Begin the copy at the line containing "collabedit(コーラ" and end it at the final line of the material below, reproducing each line exactly, without images.

SUPPLIED MATERIAL>

# # # # #

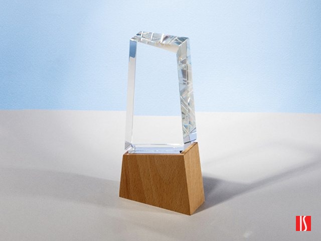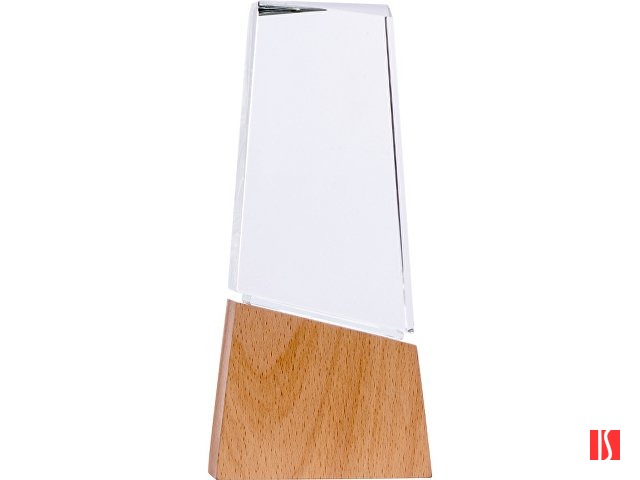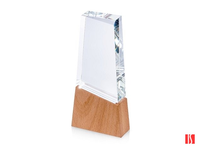 Заказать с нанесением логотипа от компании «Синтезис». Награда выполнена из прозрачного стекла, имеет необычную форму и расположена на деревянном постаменте. Лаконична и минималистична.
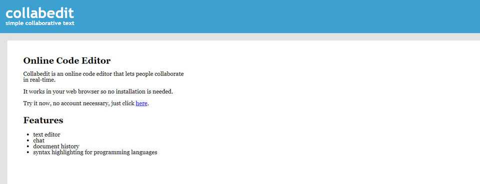 collabedit(コーラ エディット)も、オンラインのコードエディターですが、ほかのプログラマーとチャット機能を使ってリアルタイムでコミュニケーションをとりながら共同編集が可能なのが特徴です。さらにプログラミング言語をハイライト表示できる機能もあるので、さまざまなプログラマーが活用しています。
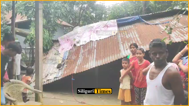 Naxalbari, 14th July: A severe storm late Sunday night caused extensive damage in Naxalbari’s Shantinagar area, leaving several houses damaged and more than 25 trees uprooted.

# # # # #

TASK SOLUTION>
 collabedit(コーラ エディット)も、オンラインのコードエディターですが、ほかのプログラマーとチャット機能を使ってリアルタイムでコミュニケーションをとりながら共同編集が可能なのが特徴です。さらにプログラミング言語をハイライト表示できる機能もあるので、さまざまなプログラマーが活用しています。
 Naxalbari, 14th July: A severe storm late Sunday night caused extensive damage in Naxalbari’s Shantinagar area, leaving several houses damaged and more than 25 trees uprooted.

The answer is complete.